Wednesday, March 22, 2006

Filthy Patricia

I wonder if Patricia Hewitt washes her hands after she has been to the lavatory? Not if she is using one of the filthy, dirty disgusting lavatories found in at least a third of NHS hospitals.

Reported on Page 4 of today’s Times:
“More than a third of NHS hospitals and other health trusts are unable to provide their staff with hot water, soap, alcohol rubs and other basic hygiene requirements whenever they need them.”

“A total of 7212 cases of MRSA bloodstream infection were detected in English hospitals in 2004-5. Experts suggest that up t0o 300,000 infections are picked up in healthcare settings every year, causing 5000 deaths and costing the NHS as much as £1billion.”
Meanwhile, the filthy Patricia continues to throw money around as though there is no tomorrow. I am grateful to Tom Reyonold’s organisation, Paramedic UK, for pointing out to me the following:
Computer skills 'for cleaners' costs NHS £2m

“The National Health Service has spent at least £2 million on computer training for porters, cleaners and other staff after deciding to implement a European Union scheme in Britain.

The European Computer Driving Licence teaches hospital staff skills ranging from the use of spreadsheets to surfing the internet and is being offered to NHS employees irrespective of their job.

So far 50,000 staff have applied for the training, which takes between 20 and 100 hours to complete. In the past year, three million hours of tuition have been provided.

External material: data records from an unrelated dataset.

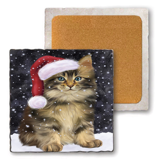 Original price $34.99 - Original price $34.99Original price $34.99$34.99$34.99 - $34.99Current price $34.99| /Let it Snow Christmas Holiday Maine Coon Cat Wearing Santa Hat Set of 4 Natural Stone Marble Tile Coasters MCST49311
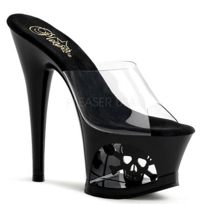 厚底サンダル/激カワガイコツのチャーム厚底サンダル〔全2色〕(ヒールの高さ約18センチ)【プリーザー/Pleaser】 空洞の厚底部分にクロスボーン付きの骸骨がチラッと覗くとってもキュートなプラットホームサンダル☆セクシーなのに遊び心のあるユニークデザインが超人気♪厚底部分が空洞になっているので通常の厚底サンダルより軽く、歩きやすいよ★ 【カラー展開】 ブラック/ホワイト ブラック/ブラック ヒールの高さ:7inch = 17.78cm
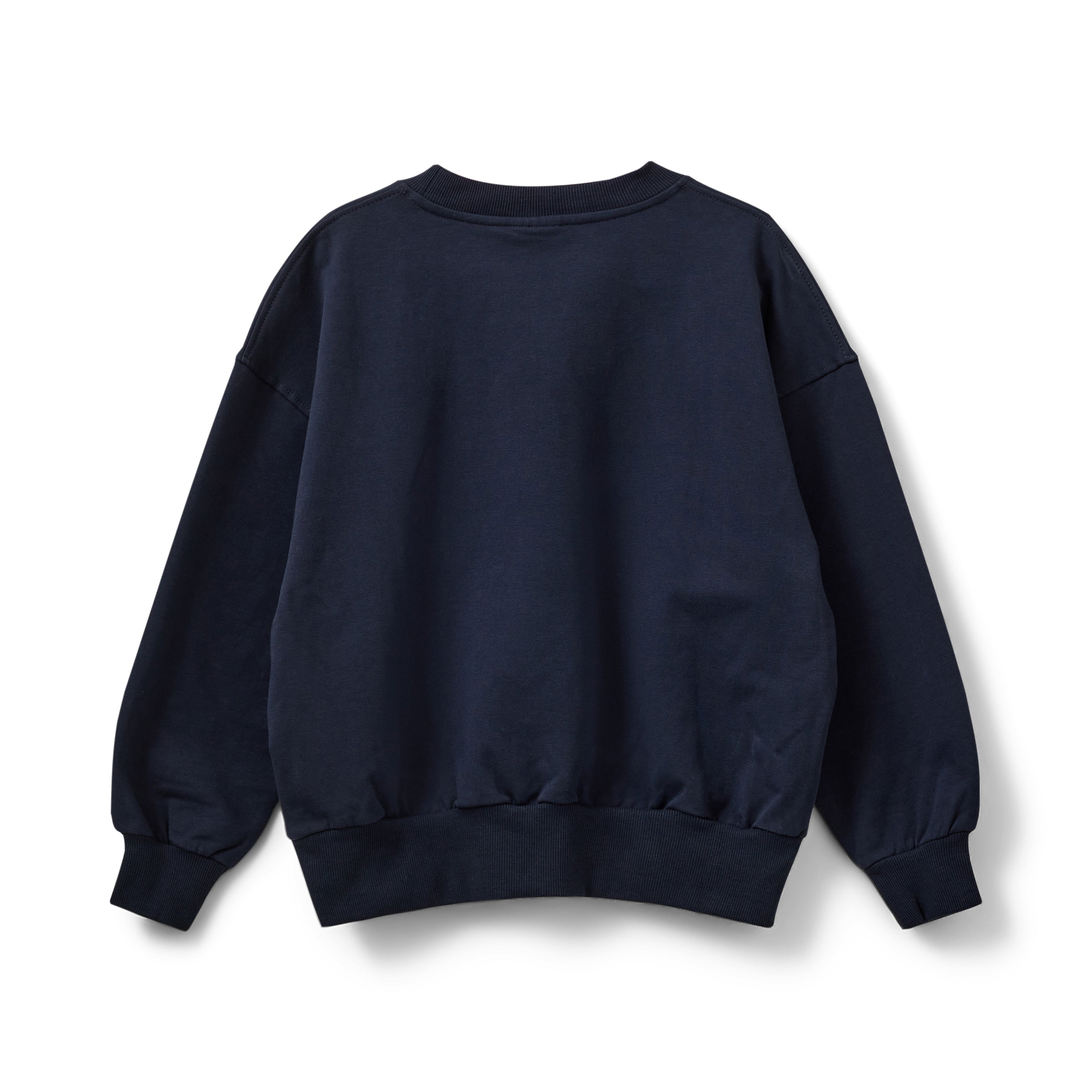 Dökk blá joggingpeysa frá Sofie Schnoor. Stroff við ermar og mitti.
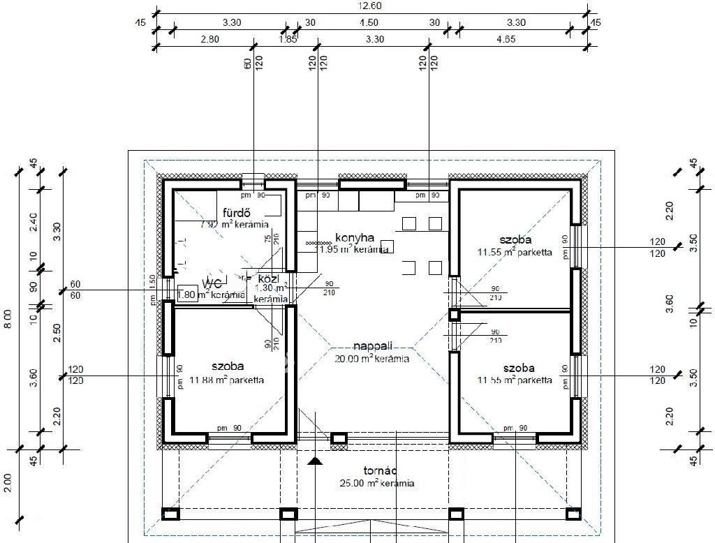 30 cm vastag Porotherm tégla falazat + 15 cm külső hőszigetelés.

The NHS claims that £2 million has been spent on the scheme, but its real cost is believed to be far higher: the cost in man hours alone is estimated at £30 million, based on the average NHS salary of almost £10 an hour.

Training staff whose jobs appear to have little or no requirement for computer skills will heighten concern about profligate spending in the public services. The scheme's existence emerged after complaints by a senior doctor to David James, the business consultant hired by the Conservatives to expose Government waste under Labour.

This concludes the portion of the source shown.